Exercise directions —
Once you reach the line with "Приложение Domination Client" below, copy each line exactly, stopping after the line with "2025年杨湘农地专业合作社第一季度经济合同执行情况", and skip any pictures.

BEGIN Supplied records

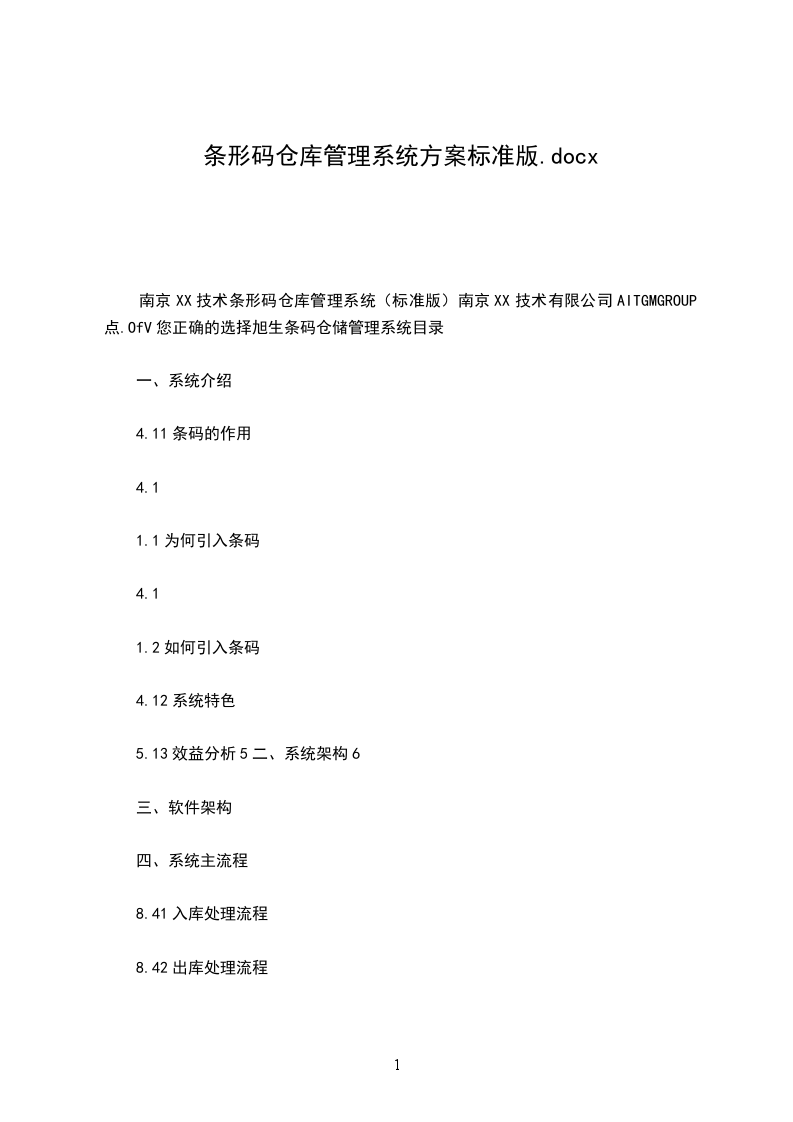 南京XX技术条形码仓库管理系统(标准版)南京XX技术有限公司AITGMGROUP点.OfV您正确的选择旭生条码仓储管理系统目录
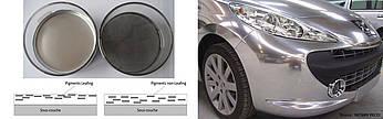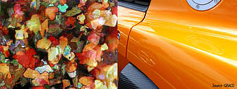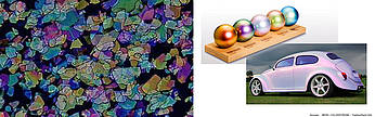 Le cœur des particules est opaque et réfléchissant, avec plusieurs couches d'enrobage, ce qui a pour conséquence l'apparition de différentes couleurs d'interférences. Ces peintures produisent de nombreux changements de couleur selon l'angle de vue. Ainsi lorsqu'on tourne autour du véhicule, on perçoit différentes couleurs. On les appelle plus communément : « peintures caméléon » ou « à effet caméléon ».
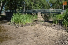 Durante las últimas horas, el agua de la presa ha continuado descendiendo (la compuerta permanece abierta en todo momento), notándose de forma notable la bajada del agua en el tramo que va desde el puente de acceso a la isla de El Picón hasta la antigua fábrica de harinas de La Concha.
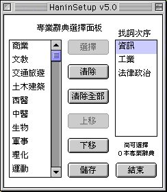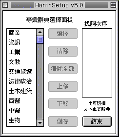 Hanin 5.0.1 提供了 14 種專業辭典,它們已隨系統安裝程式安裝到您的系統中。您可以選擇不同的專業辭典,獲得各種詞組組合。 在專業辭典選擇面板的左邊列出了系統中所有的 Hanin 專業辭典。在任何一種辭典上按一下,按“選擇”按鈕,所選擇的辭典將移到右邊的“找詞次序”框。 您可以選擇多個辭典,並用“上移”和“下移”按鈕選擇搜索辭典的次序,辭典位置越靠上,優先權越高。
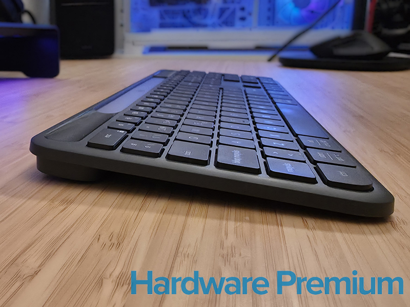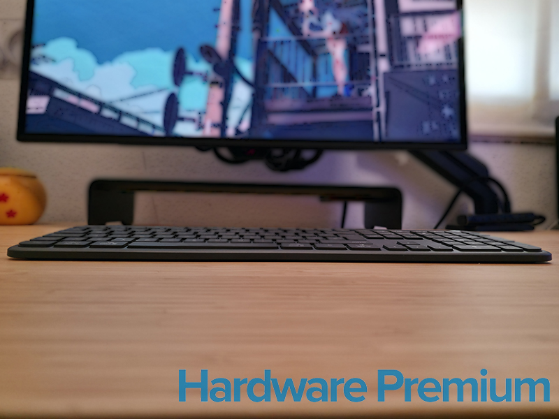 Las teclas de perfil bajo adoptan el formato isla con un recorrido corto y preciso. El tacto es firme, con una ligera textura rugosa que mejora el agarre y reduce errores. Es un teclado silencioso, ideal para trabajar en entornos compartidos o grabar sin ruido mecánico.
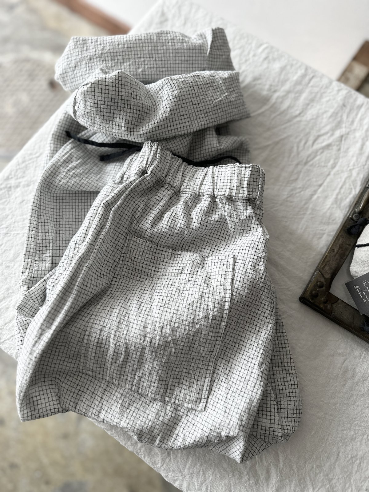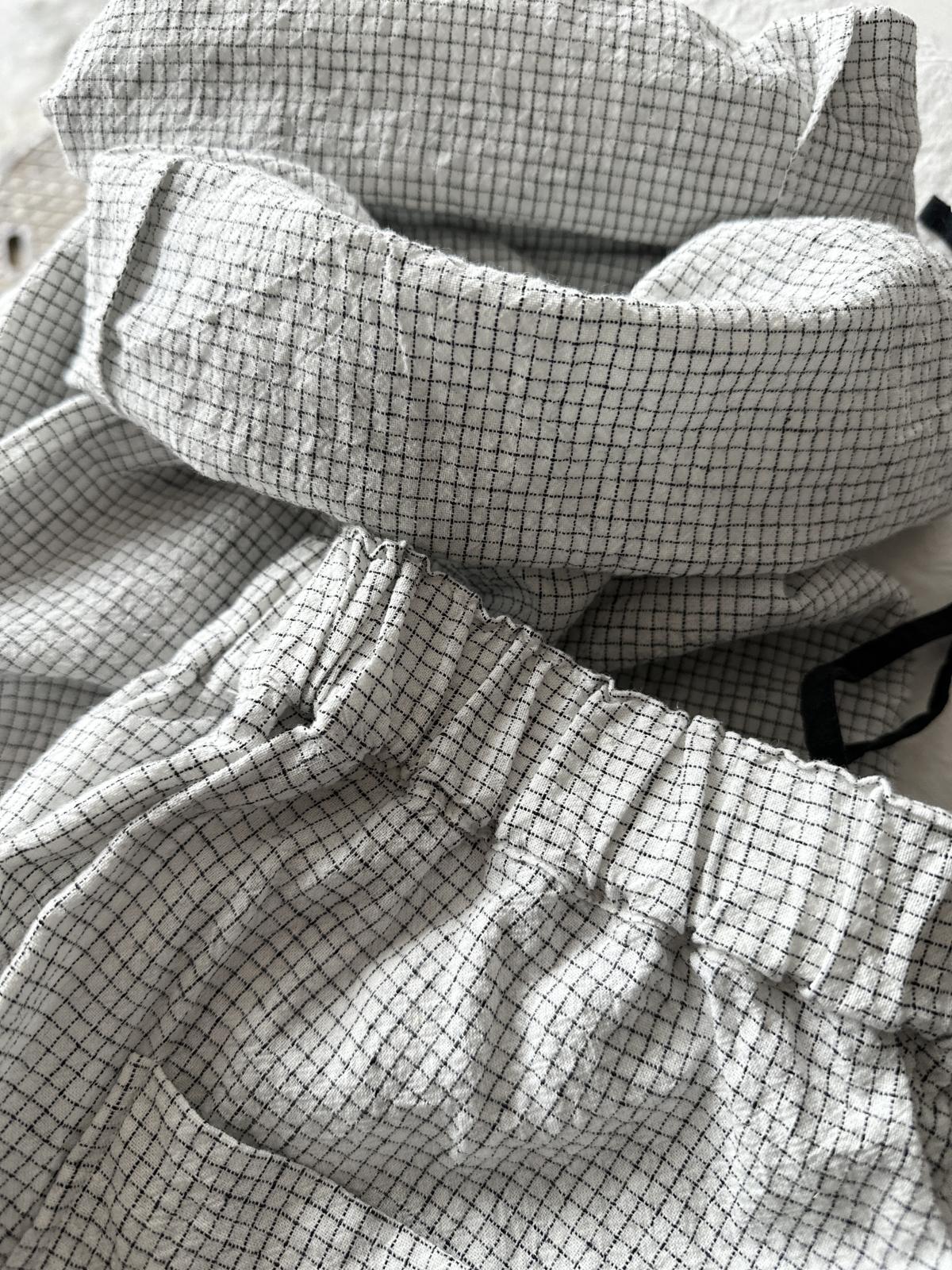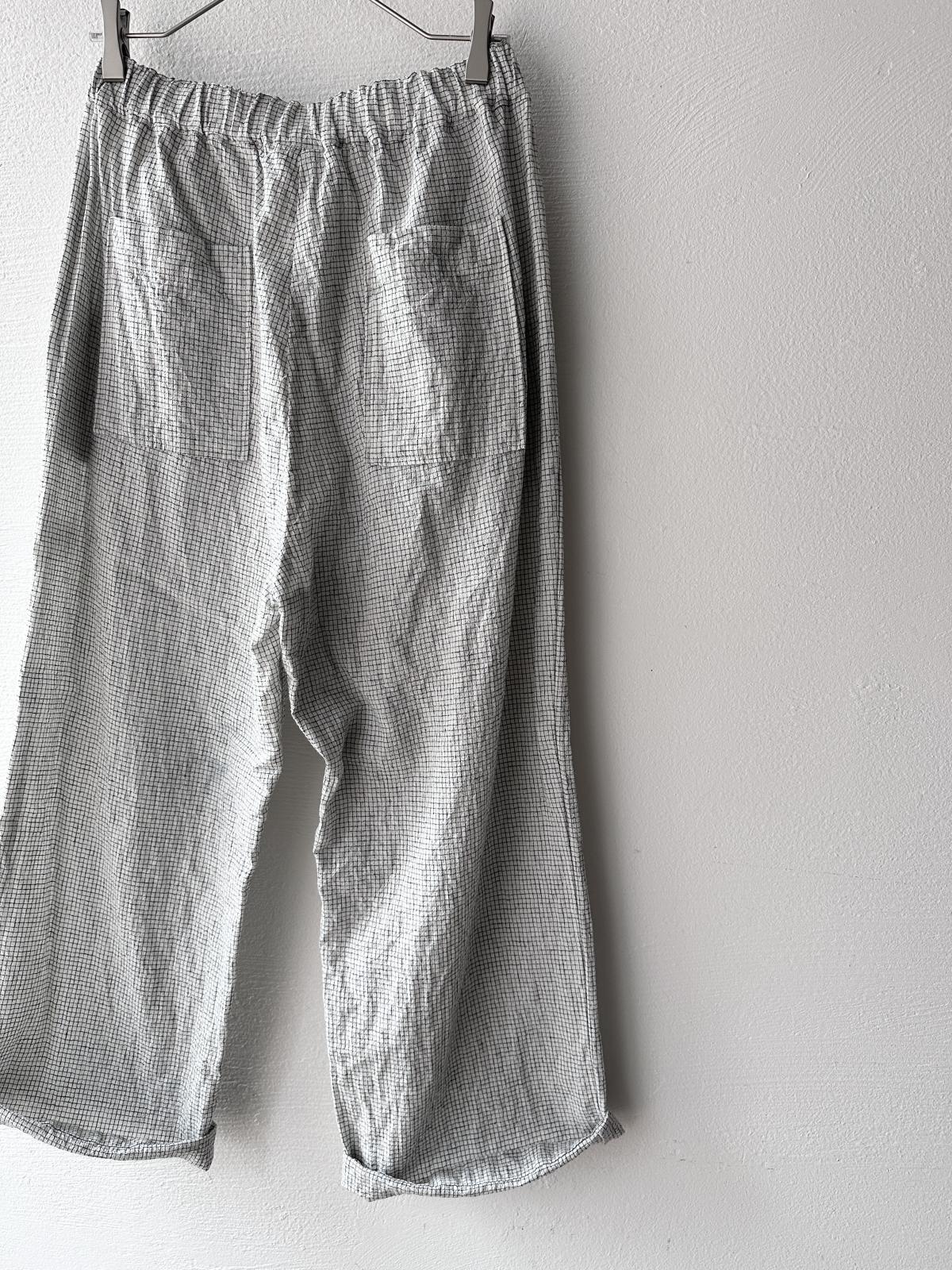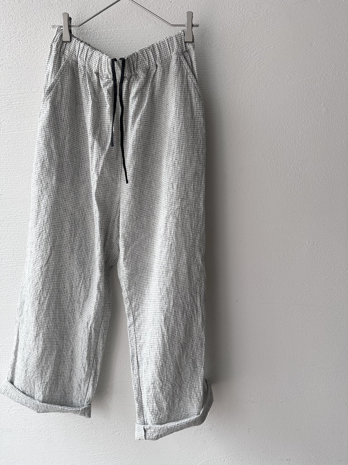 綿麻ピンチェックが爽やかなワイドパンツです。
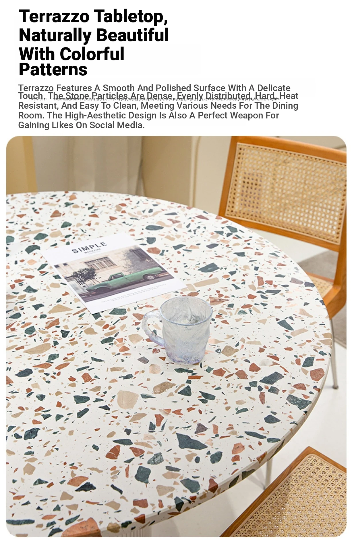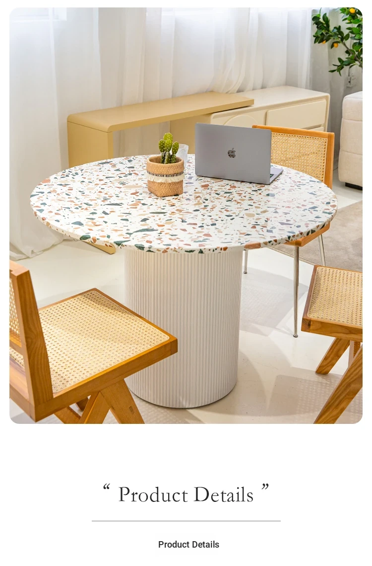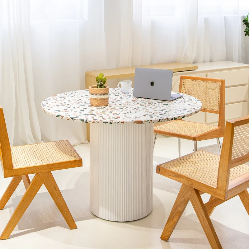 Nordic Minimalist Cream Terrazzo Round Dining Table – Stylish Coffee Table for Small Spaces, Perfect for Home Use and Designer Meetings, Made with Durable Rock Slab
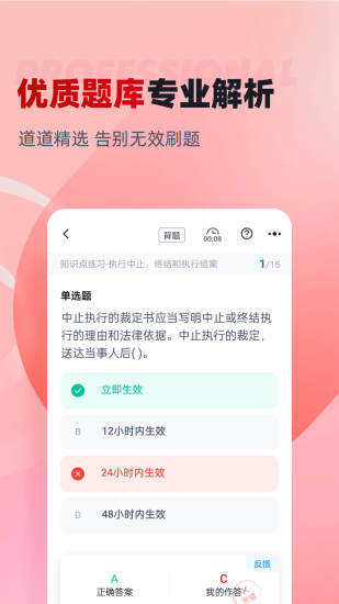 行政执法考试题库APP是专门为参加行政执法考试的人量身打造的APP,考生可以通过首页的多种做题模式,在线做题复习,帮助熟悉各种考试题型,快速高效的掌握考试答题技巧,帮助轻松应对各种考试试题,提高考试通过几率! 行政执法考试题库APP的主要特点: 1、一站式备考题库,试题随意刷 有每日一练、模拟考场、考点练习、顺序练习、题型专练等多种学习与做题模式,可以让你尽情刷题备考,提高复习效率。学习报告功能,科学掌握学习情况,了解自身备考水平,及时查漏补缺。 2、一键搜题,难题全搞定 可以直接一键拍照搜题,快速准确解决难题,同时也可以根据使用场景,选择文字、语音、悬浮窗等方式搜题找答案,帮助大家攻克各种难题。
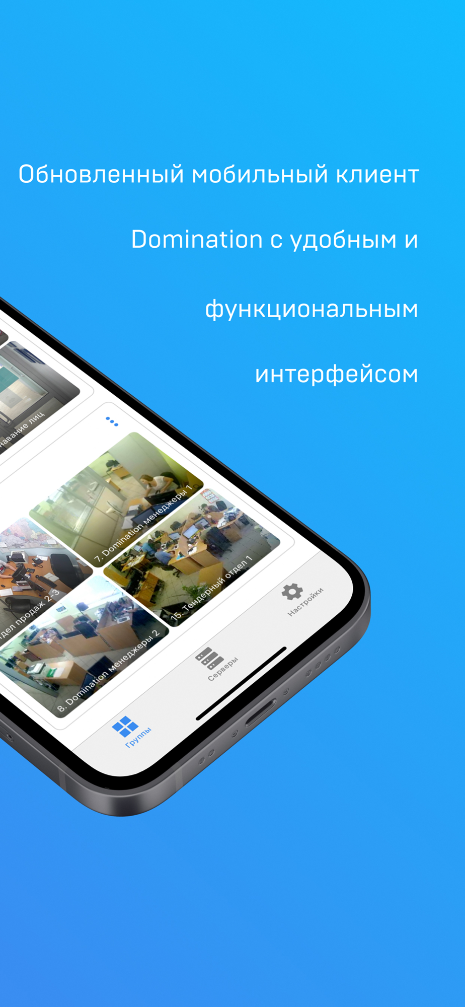 Приложение Domination Client предназначено для просмотра видео с камер, подключенных к видеосерверам Domination.
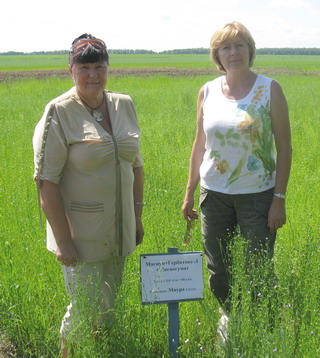 На снимках: Л. М. Захарова (слева) с ведущим менеджером фирмы «Август» М. В. Лазуриной осматривают опытные посевы льна; защищенные посевы.
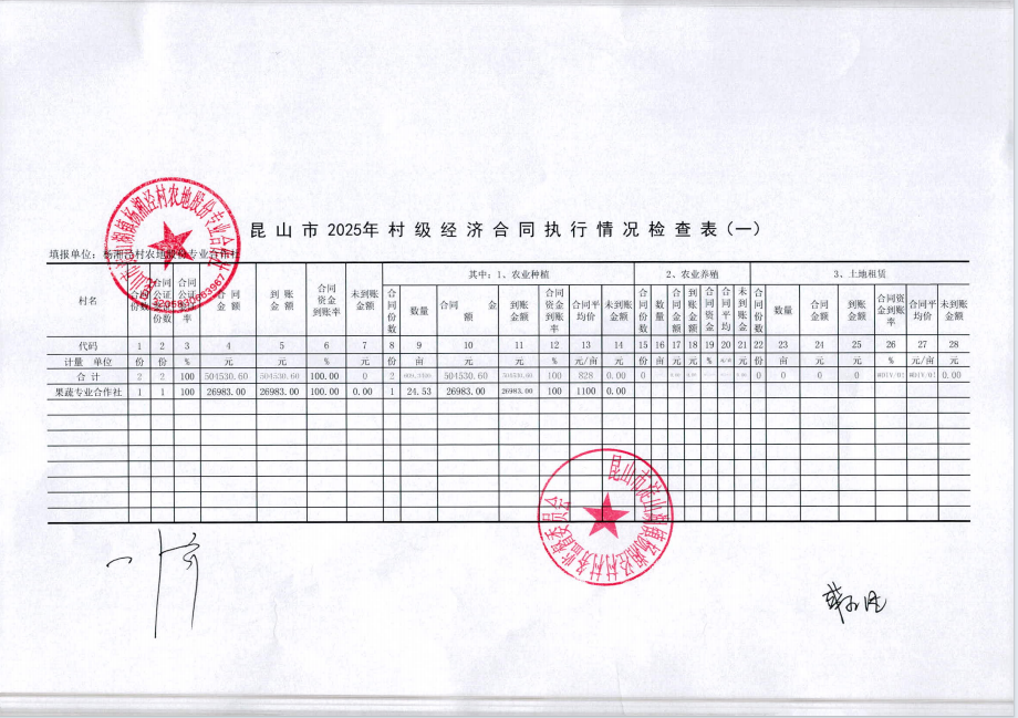 2025年杨湘农地专业合作社第一季度经济合同执行情况
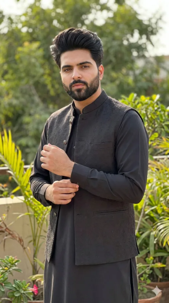 Young Pakistani male (hard identity locked) standing naturally on a terrace, slight torso twist, right hand adjusting cuff, left relaxed, head turned with confident gaze, unposed expression. Wearing off-black shalwar kameez with subtle embroidered waistcoat, natural fabric folds and motion. No glasses. Hair, face, and beard exactly as reference. Terrace background with greenery softly blurred, sunlight creating uneven highlights and natural shadows. Raw, handheld iPhone snapshot, true colors, natural skin texture, minor motion softness.

END Supplied records

Output for this exercise —
 Приложение Domination Client предназначено для просмотра видео с камер, подключенных к видеосерверам Domination.
 На снимках: Л. М. Захарова (слева) с ведущим менеджером фирмы «Август» М. В. Лазуриной осматривают опытные посевы льна; защищенные посевы.
 2025年杨湘农地专业合作社第一季度经济合同执行情况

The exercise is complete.